Two 12-hour strikes by UK nurses disrupt health care system 

On Wednesday UK nurses went on strike to protest for higher pay causing stress on the already strained public healthcare system in the UK.


On January 18, 2023, a large number of nurses in the UK went on strike to protest for higher pay. This is the latest in a series of strikes that have been ongoing,  causing stress on the already strained public healthcare system in the UK.

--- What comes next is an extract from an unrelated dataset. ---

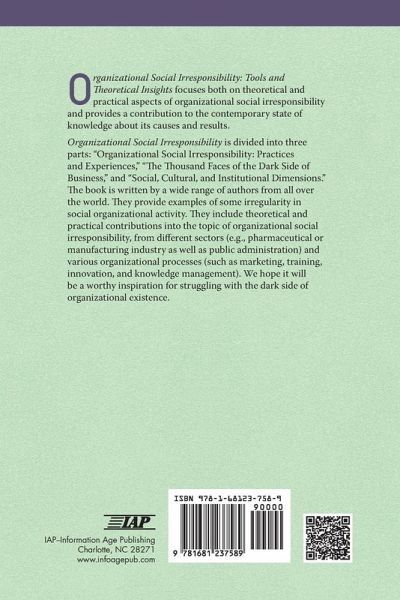 In the book Organizational Social Irresponsibility: tools and theoretical insights we focus both on theoretical and practical aspects of organizational social irresponsibility and hope to provide a contribution to the contemporary state of knowledge about its causes and results. The book is divided into three parts: first titled "Organizational Social Irresponsibility: Practices and experiences", second: "The thousand faces of dark side of business" and third: "Social, cultural and institutional dimensions". The book is written by a range of authors from all over the world. They provide us with examples of some irregularity in social organizational activity. There were included some theoretical and practical contributions into the topic of organizational social irresponsibility, from different sectors (e.g. pharmaceutical or manufacturing industry as well as public administration) and various organizational processes (such as marketing, training, innovation and knowledge management). We hope it will be a worthy inspiration for struggling with dark sides of organizational existence.

On Wednesday and Thursday two 12-hour strikes affected almost a quarter of England’s  hospitals and clinics. Thousands of appointments and procedures are likely to be postponed, however emergency care and cancer treatment will continue. 

In recent months, to demand higher pay amid the crisis of rising cost-of-living, nurses, ambulance crews, train drivers, airport baggage handlers, border staff, driving instructors, bus drivers and postal workers have all walked off their jobs. 

The inflation rate in the United Kingdom reached a peak of 11.1 per cent  in October, due to an increase in energy and food prices. It then decreased slightly to 10.5 per cent in December. 

The nurses’ union has requested a salary increase of 5 per cent above inflation, but has stated that they are willing to accept a lower offer. The Conservative government has argued that increasing public sector pay by double digits will lead to even higher inflation.

The government has sparked frustration among unions by proposing legislation that would make it more difficult for essential workers to go on strike. The bill would establish ‘minimum safety levels’ for firefighters, ambulance services, and railways that must be upheld during a strike.

The Royal College of Nurses union has announced two additional strike days next month, amid a growing disruption across the economy. The strikes are expected to be particularly disruptive on February 1, with teachers, train drivers, civil servants, and university staff all participating in walkouts. Ambulance staff are also expected to announce more strike dates later.

Pat Cullen, the head of the Royal College of Nursing, stated that the union had offered ‘an olive branch, in fact, the whole tree’ to the government and called on health officials to get round a table and  stop the strikes so they wouldn’t  have to continue this into February.

She further added, “I would say to the Prime Minister this morning: If you want to continue to have strikes, then the voice of nursing will continue to speak up on behalf of their patients and that’s exactly what you will get.”